2. On each short sleeve (L), with right sides together, stitch underarm seams.
3. Finish seams and press open.
Stitch Cuff to Sleeve
1. Fold the cuff in half with right sides together. Stitch the cuff together at the side seam.
2. Press the seam open.
3. On each short sleeve (L), stitch the short sleeve cuff (M) to the sleeve hem. To do this stitch along the bottom edge at 1/4” with the right side of the cuff facing the wrong side of the sleeve.
4. Turn to the right side of the sleeve, and press the seam allowance up towards the sleeve.
5. Press the bottom edge of the cuff under 1/4” towards the wrong side of the cuff and the right side of the sleeve.
6. Press the cuff up towards the right side of the sleeve. The seamline where the cuff and sleeve meet should be along the hem. Pin in place.
7. Edgestitch along the top fold of the cuff.
Set the Sleeves
1. Pull the bobbin threads of your ease stitches.
Definition of Easing: Easing means adjusting the length of an edge so that it can be sewn to a shorter edge. It’s similar to gathering, but you are pulling up less fabric. Whereas the little folds of gathers are easy to see, an eased seam should ideally have no tiny folds or puckers once pressed.
2. With right sides together, insert the short sleeve (L) into the armhole, matching notches and seams.
3. Pin into place, adjusting ease stitches to fit by pulling thread tails. Align the large circle at the sleeve cap with the shoulder seam. Make sure to insert pins from the sleeve side.
Tip: I like to pin through the side seam and work my pins around clockwise. You’ll then sew counterclockwise, removing the pins at you approach.
4. Hand or machine baste the sleeve into the armhole, stitching with the sleeve side on top. This will allow you to watch the easing and make sure no large folds or puckers form as you stitch.
5. Once basted, permanently stitch the sleeve into the armhole. Remove basting.
6. Finish the armhole seam, clipping the inner curves of the underarm seam allowance.
7. Turn the sleeve right side out and press the seam toward the sleeve.
8. Repeat for the second sleeve.
Comments
Never knew that was the definition of easing. Thanks!

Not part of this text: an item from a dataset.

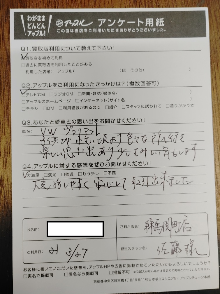 お車のご相談・ 査定だけでもOK! カンタン 入力 30秒 アップルがブランド買取始めました! お電話でも受付中! 受付時間10:00 ~ 19:00 03-5903-8567 お車のご相談・ 査定だけでもOK! カンタン 入力 30秒 アップルがブランド買取始めました! お電話でも受付中! 受付時間10:00 ~ 19:00 03-5903-8567 アップルがブランド買取始めました! お電話でも受付中! 受付時間10:00 ~ 19:00 03-5903-8567 店舗情報 在庫車 スタッフ紹介 ブログ お客様の声 キャンペーン お得 無料査定 click お客様の声 ご記入日: 2021/01/09 東京都練馬区 Y・O様 車名:フォルクスワーゲン ゴルフヴァリアント お車:ゴルフヴァリアント Q.愛車との思い出は? A.子供が小さい頃より色々な所へ行き楽しい思い出あり少しさみしい気もします Q.アップルの感想は? A.大満足:大変話しやすく安心して取引出来ました 前へ 次へ お客様の声一覧を見る

Flat felled or French seams? Could I sew the sleeve to the armhole successfully using a flat felled seam (or French seam) without making any modifications to the sleeve pattern? If there is too much ease for this to work well, how much would you suggest shaving off (and where) to making these seam finishes work? Thanks!
You’ll just want to sew it flat, like Negroni. Then you may want to lower the sleeve cap so it is less rounded, or try removing some ease from the center for the sleeve. We have not tried this ourselves, so you will want to experiment with scrap fabric.
I have completed this step and it’s looking beautiful! Thanks, Rachel, for such great instructions! I guess it’s buttons next, and I am honestly scared of making a choice because they can so alter the look of the dress. Any thoughts on buttons/a good supplier?
Thanks again, this has been so fun and so instructive for me!!!
Ledys
I am the same way about buttons! In fact, I traveled an hour by bus yesterday to get to Fabric Depot for their button selection. Then I spent a good 20 minutes looking at them all! You can also find some great buttons at vintage stores or on Etsy.
Can’t wait to see what you picked! :-) I love the fresh look of your gorgeous seersucker dress and I am so looking forward to seeing it finished. This has been so much fun!
Ledys
Great photography and detailed descriptions as usual. Love the fabric too. About buttons, I get some great ones from http://www.organiccottonplus.com and they are eco friendly too!
What a neat company, thanks for sharing!